Вы знаете, я желал, но не приказывал вам пересечь Потомак ниже, а не выше Шенандоа и Блу-Риджа. Предполагалось, что это сразу создаст угрозу коммуникациям неприятеля, которые я бы захватил, если бы он позволил. Если бы он стал продвигаться на север, я бы следовал за ним по пятам, удерживая его коммуникации. Если бы он помешал нам захватить его коммуникации и двинулся к Ричмонду, я бы неотступно следовал за ним, дал бы ему бой при появлении благоприятной возможности и по крайней мере попытался опередить его на пути к Ричмонду по внутренней колее. Я говорю — попытаться; если мы никогда не будем пытаться, мы никогда не преуспеем. Если он решит дать бой у Винчестера, не двигаясь ни на север, ни на юг, я бы сразился с ним там, рассуждая так: если мы не можем разбить его, когда он несет потери при переходе к нам, мы тем более не сможем сделать это, когда потери при переходе к нему несем мы. Это утверждение является простой истиной и слишком важно, чтобы упускать его из виду хоть на мгновение. Приближаясь к нам, он предоставляет нам преимущество, от которого мы не должны отказываться. Нам не следует действовать так, чтобы лишь заставить его отступить. Поскольку нам необходимо разбить его где-нибудь или потерпеть окончательное поражение, сделать это — если вообще возможно — проще вблизи от нас, чем далеко. Если мы не можем разбить неприятеля там, где он находится сейчас, мы никогда не сможем сделать это, когда он снова окажется за укреплениями Ричмонда.

Возвращаясь к мысли о движении к Ричмонду по внутренней колее, следует отметить примечательное удобство снабжения с тыла, удаленного от неприятеля, — словно по разным спицам колеса, расходящимся от ступицы к ободу; и это независимо от того, двигались ли вы напрямую по хорде или по внутренней дуге, прижимаясь к Блу-Риджу еще теснее.
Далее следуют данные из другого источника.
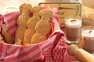 Voor vijf grote en tien kleine speculaaspoppen. Tip: Grotere poppen komen vaak makkelijker uit de vorm dan kleine. Maar pas op: als ze warm zijn, breken ze snel.
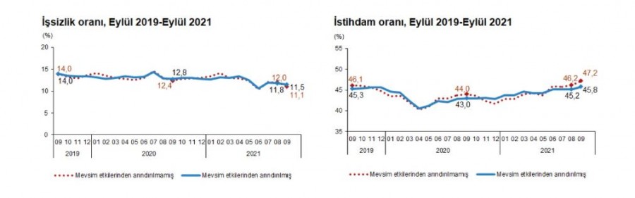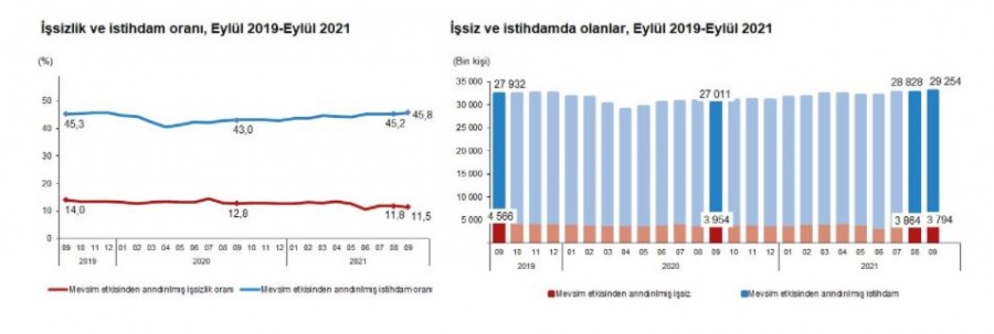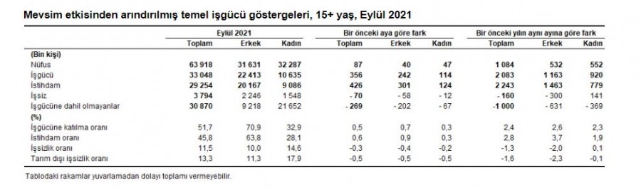 İstihdam edilenlerin sayısı eylülde bir önceki aya göre 426 bin kişi artarak 29 milyon 254 bin kişi, istihdam oranı ise 0,6 puanlık artış ile yüzde 45,8 oldu.İşgücü bir önceki aya göre 356 bin kişi artarak 33 milyon 48 bin kişi, işgücüne katılma oranı ise 0,5 puanlık artış ile yüzde 51,7 olarak gerçekleşti.

Линия хорды, как вы видите, пролегает через Олди, Хеймаркет и Фредериксбург, и вы видите, как шоссе, железные дороги и, наконец, Потомак через Акуи-Крик сходятся к вам из всех точек со стороны Вашингтона. То же самое происходит — лишь линии становятся немного длиннее, — если вы на некотором протяжении продвигаетесь ближе к Блу-Риджу. Насколько я понимаю, горные проходы (гапы) в хребте Блу-Ридж находятся на следующих расстояниях от Харперс-Ферри: Вестала — в пяти милях; Грегори — в тринадцати; Сникерс — в восемьнадцати; Эшби — в двадцати восьми; Манассас — в тридцати восьми; Честер — сорок пять и Торнтон — в пятидесяти трех. Я полагаю, предпочтительнее выбрать маршрут, проходящий ближе к неприятелю, что лишит его возможности совершать важные маневры без вашего ведома и заставит его держать силы вместе из страха перед вами. Проходы позволили бы вам перейти в наступление, если бы вы этого пожелали. На большей части пути вы находились бы практически между неприятелем и как Вашингтоном, так и Ричмондом, что позволило бы нам высвободить для вас наибольшее число войск отсюда. Когда же в конце концов движение к Ричмонду впереди него заставит его сместиться в эту сторону, если он так поступит, повернитесь и атакуйте его с тыла. Но я думаю, вступить с ним в бой следует задолго до достижения этой точки. Все это легко, если наши войска маршируют не хуже неприятеля, и говорить, будто они не способны на это, — проявление слабости. Это письмо никоим образом не является приказом».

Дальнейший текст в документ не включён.